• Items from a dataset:
####################
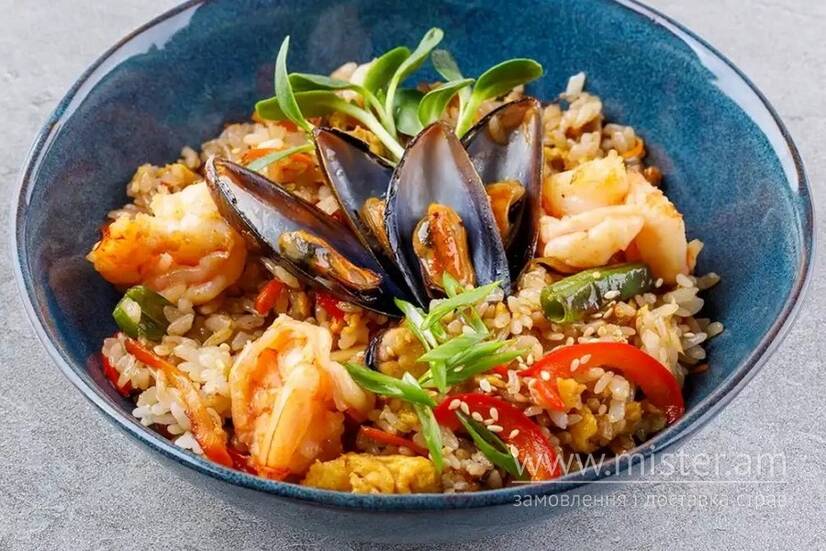 Креветка тигрова, мідія, болгарський перець, цибуля синя, морква, спаржева квасоля, яйце куряче, кунжутна олія, рис паровий, імбир, часник, соєвий соус, цибуля зелена, кунжут.
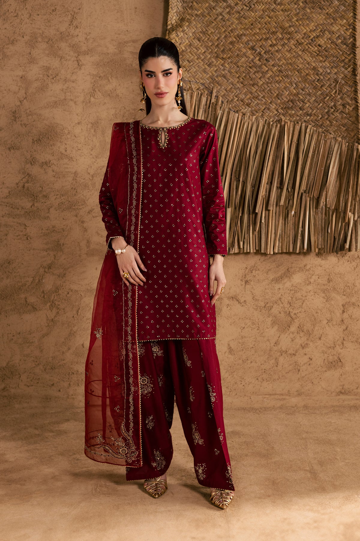 An embroidered organza dupatta completes the look, its delicate patterns and subtle shimmer adding a sophisticated festive flourish.
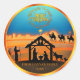 Add a touch of sacred beauty to your holiday gifts and greetings with this exquisite Nativity scene Christmas sticker, a unique design by you! This round sticker features a serene silhouette Nativity depicting Mary, Joseph, and baby Jesus in the manger, accompanied by a shepherd, donkey, and sheep. In the background, the Three Wise Men journey towards the Star of Bethlehem under a captivating blue and golden gradient sky, with a subtle cityscape silhouette on the horizon.
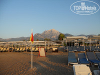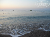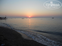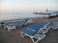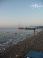 До моря 3-4 минуты пешком по зелёной аллее через ворота за бассейном. Свой пляж 20 метров в ширину и 50 в море до буйков, за которые можно держаться и висеть загорать на них, а можно поплавать и за ними в открытой воде метров 10, берите надувные подушки и вы увеличите своё время пребывания в море в 2-3 раза. Лежаков всегда хватало, полотенца можно менять раз в день на -1 этаже с 8 утра до 7 вечера, но мы меняли всего пару раз, а так носили с собой, т.к. частенько приходили на пляж утром в 6 часов, чтобы встретить рассвет. Солнце поднимается прямо из-за моря, если нет туч, что очень красиво. Вода чистая, тёплая, иногда течение приносит вообще горячую воду, что не хочется вылазить даже вечером, с утра штиль, вечером иногда волны и ветер, которые к темноте стихают. После дождя возможно немного грязи в море, которая уходит за 3-4 часа. Плюс Текировы ещё в том, что там почти не плавают большие экскурсионные корабли и не мусорят, чего не скажешь о пляжах Кемера, Чамьювы и других мест где пролегают ежедневные туристические морские маршруты. В 17 часов волейбол на пляже. Если надумаете играть - берегите колени, никаких прыжков и падений, иначе счёсанная кожа и острые ощущения от купания в солёной воде, а также скованность движений вам обеспечены, проверено на собственном опыте. Также играть лучше в пляжной обуви, камни могут колоть ступни. Многие начинали и заканчивали свою волейбольную карьеру в один и тот же день на наших глазах :) Но прикольному азербайджанцу волейболисту или настойчивым аниматоршам трудно отказать, когда приглашают поиграть :) Душ на пляже свой, хоть он и выглядит не очень презентабельно, но функцию свою выполняет, а также там всегда приятная тёплая вода, не то что в пятёрке рядом - утром горячая, а днём ледяная.
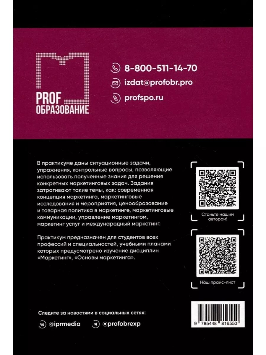 Практикум предназначен для студентов всех профессий и специальностей, учебными планами которых предусмотрено изучение дисциплин «Маркетинг», «Основы маркетинга».
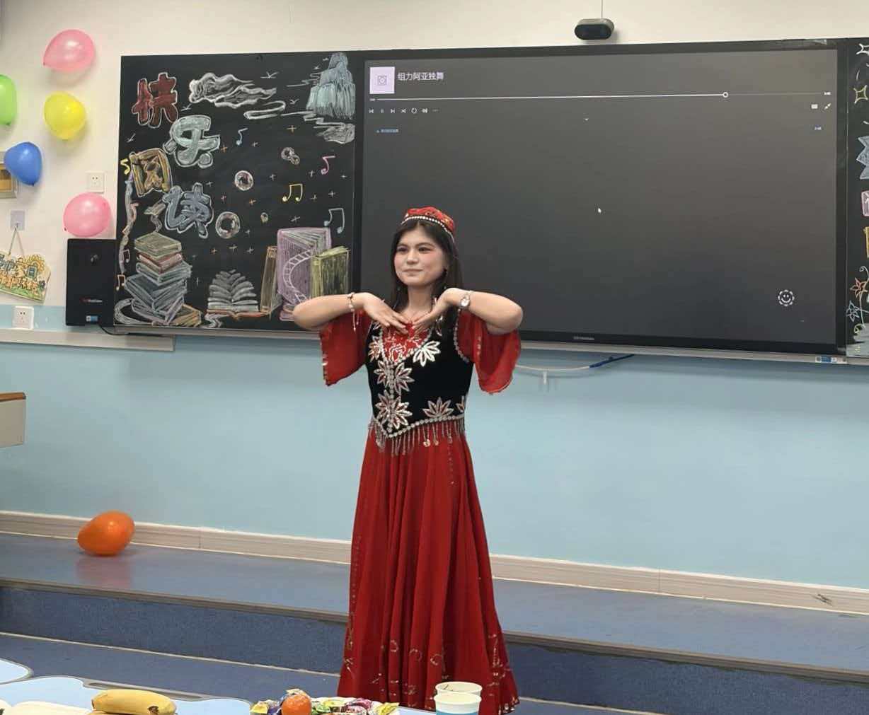 分享间隙,文艺节目轮番上演:柏波兰、姜妮娜带来的朗诵《再别康桥》温柔婉转,417宿舍合唱《晴天》唤起青春记忆,411宿舍演唱《落空》情感细腻,413宿舍朗诵《你是人间四月天》传递温暖希望,组力阿亚的独舞《新疆山水美》展现浓郁民族风情,让书香与艺术碰撞出别样火花。
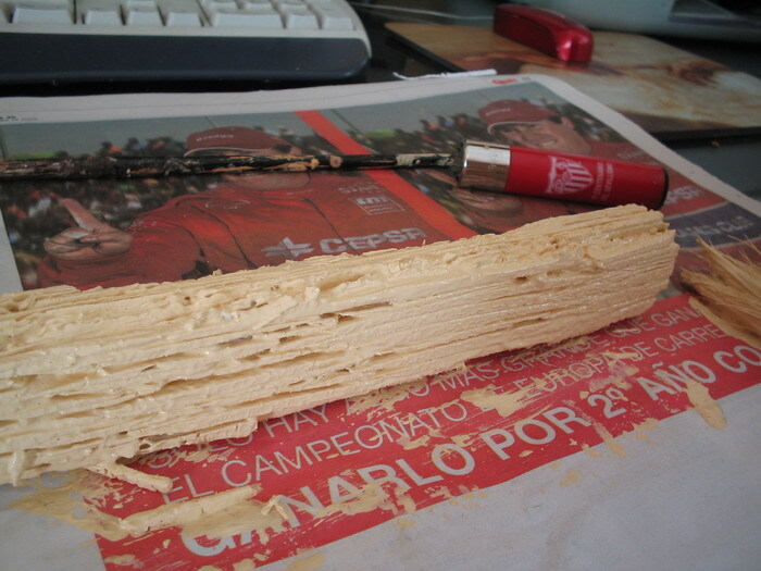 Los pasos son buen sencillos, una vez q esta seca la capa de escallola, damos primeramente una capa uniforme de tinte de nogal con un pincel grande para intentar cubrir la superficie. Despues damos una segunda mano con el pincel sin tener en cuanta q qde uniforme, ya q precisamente esos defectos que se crean al secarse de forma diferente seran las betas de la madera, y el sentido q utilicemos es el q tendran las betas al final. Por ultimo aplicamos con un pincel una capa con el betun, también en el mismo sentido pero no uniformemente para crear betas.
####################
• Task prompt: Print the data above verbatim from the first line through the line holding "An embroidered organza", leaving every picture out.

• Response to this exercise:
 Креветка тигрова, мідія, болгарський перець, цибуля синя, морква, спаржева квасоля, яйце куряче, кунжутна олія, рис паровий, імбир, часник, соєвий соус, цибуля зелена, кунжут.
 An embroidered organza dupatta completes the look, its delicate patterns and subtle shimmer adding a sophisticated festive flourish.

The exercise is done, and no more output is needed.